* **Assigned task**
Exactly the lines from the beginning of the records below through the line with "Sada 4ks sedáků" must be given again, without pictures.
---
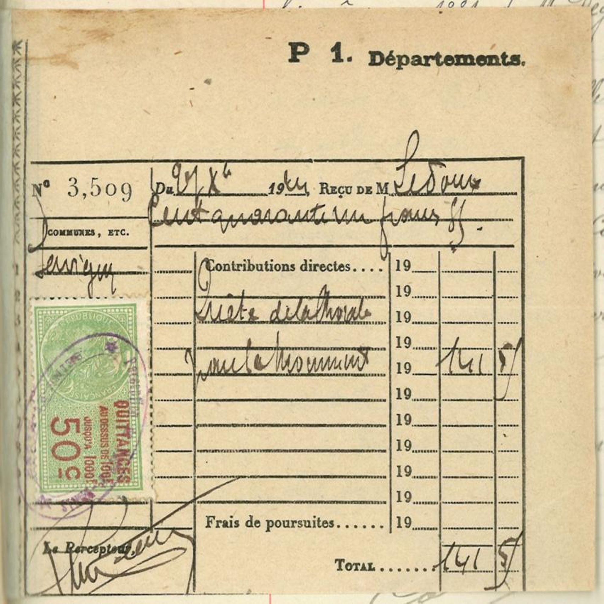 * par M. Ledoux Léon, peintre, membre de la "Chorale" à Savigny, d'une somme de cent quarante et un francs cinquante-cinq centimes (141,55 Francs), produit de la quête faite par la même société, et pour le même objet, lors de son concert de 1924
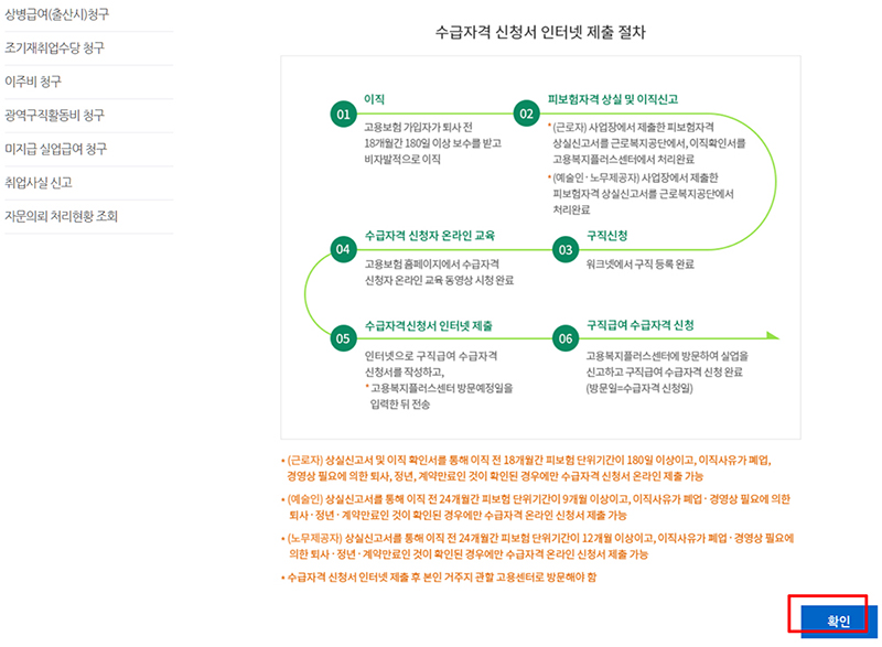 온라인 제출만으로는 수급자격 인정이 되지 않습니다. 위 절차를 모두 마친 후 반드시 고용센터에 방문하시기 바랍니다.
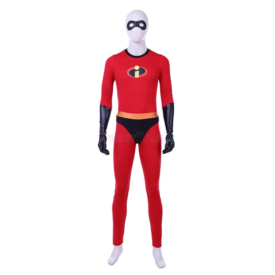 DetailsThe Incredibles 2 Bob Parr Cosplay Costume Mr Incredible Jumpsuit Sources:The Incredibles 2 Characters:Bob Parr / Mr Incredible Material:Spandex, Faux leather Package Includes: Jumpsuits, Briefs, Belt, Gloves, Eyemask
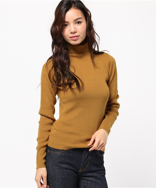 ベーシックなリブタートルニットトップス。レイヤードスタイルにも使えるシンプルアイテム。
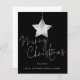 Simple Silver Star Merry Christmas Black Holiday Card. Un prix petit SMALLER 4.5" x 5.6" carte plat pour vos salutations festives sur un stock de carte SEMI GLOSS 110 lb brillant (semblable à l'épaisseur d'une carte postale) S'IL VOUS PLAÎT NOTE : L'enveloppe fournie avec cette carte est légèrement plus grande que la carte elle-même. Style contemporain en noir classique avec un script de style manuscrit moderne pour l'en-tête principal et personnalisez facilement avec votre salutation et les noms en bas. Une illustration en aquarelle argentée est au centre supérieur. Un arrière - plan blanc se trouve à l'arrière, qui peut être changé en une autre couleur si vous le souhaitez via personnaliser plus loin.
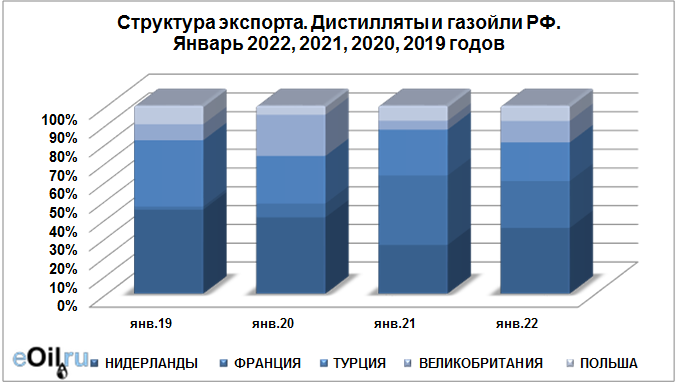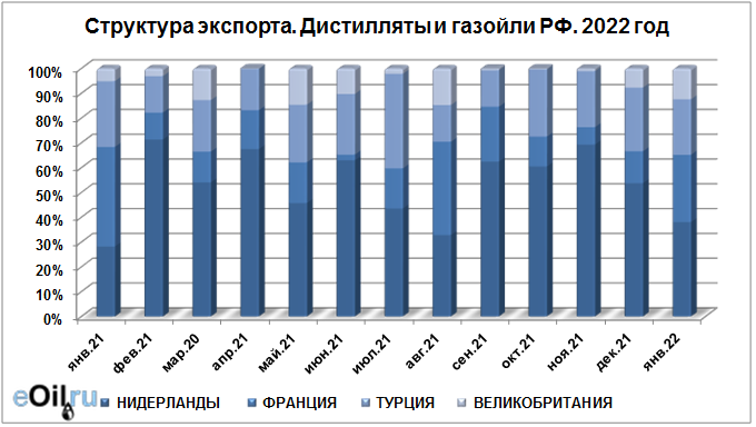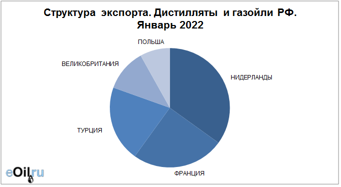 Структура экспорта дистиллятов и газойлей из России за январь 2022
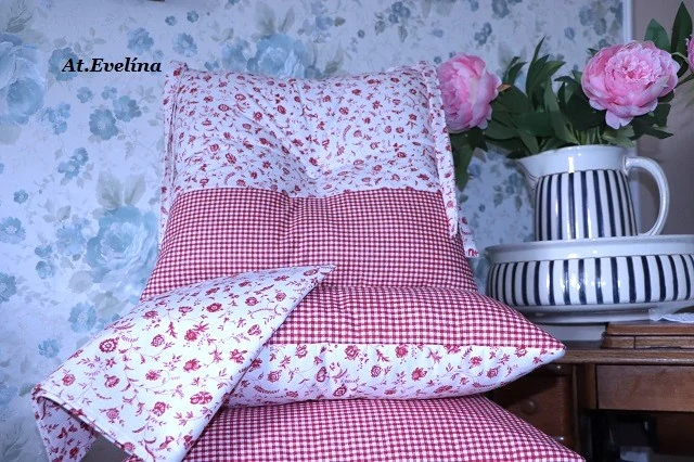 Sada 4ks sedáků 40x40 cm na židli popínavý květ+červené károSkladem 1 ks800 Kč/ ks
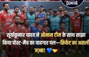 क्रिकेट हा फक्त एक खेळ नाही,तर दोन देशांना जोडणारा पूल आहे.जेव्हा सूर्यकुमार यादवने ओमानच्या खेळाडूंसोबत विनोद केला आणि फोटो काढला तेव्हा हे सिद्ध झाले की खेळ फक्त जिंकणे किंवा हरणे नाही.खेळाडूंमधील परस्पर आदर हा खेळाचा खरा सार आहे.
---
* **The answer**
 * par M. Ledoux Léon, peintre, membre de la "Chorale" à Savigny, d'une somme de cent quarante et un francs cinquante-cinq centimes (141,55 Francs), produit de la quête faite par la même société, et pour le même objet, lors de son concert de 1924
 온라인 제출만으로는 수급자격 인정이 되지 않습니다. 위 절차를 모두 마친 후 반드시 고용센터에 방문하시기 바랍니다.
 DetailsThe Incredibles 2 Bob Parr Cosplay Costume Mr Incredible Jumpsuit Sources:The Incredibles 2 Characters:Bob Parr / Mr Incredible Material:Spandex, Faux leather Package Includes: Jumpsuits, Briefs, Belt, Gloves, Eyemask
 ベーシックなリブタートルニットトップス。レイヤードスタイルにも使えるシンプルアイテム。
 Simple Silver Star Merry Christmas Black Holiday Card. Un prix petit SMALLER 4.5" x 5.6" carte plat pour vos salutations festives sur un stock de carte SEMI GLOSS 110 lb brillant (semblable à l'épaisseur d'une carte postale) S'IL VOUS PLAÎT NOTE : L'enveloppe fournie avec cette carte est légèrement plus grande que la carte elle-même. Style contemporain en noir classique avec un script de style manuscrit moderne pour l'en-tête principal et personnalisez facilement avec votre salutation et les noms en bas. Une illustration en aquarelle argentée est au centre supérieur. Un arrière - plan blanc se trouve à l'arrière, qui peut être changé en une autre couleur si vous le souhaitez via personnaliser plus loin.
 Структура экспорта дистиллятов и газойлей из России за январь 2022
 Sada 4ks sedáků 40x40 cm na židli popínavý květ+červené károSkladem 1 ks800 Kč/ ks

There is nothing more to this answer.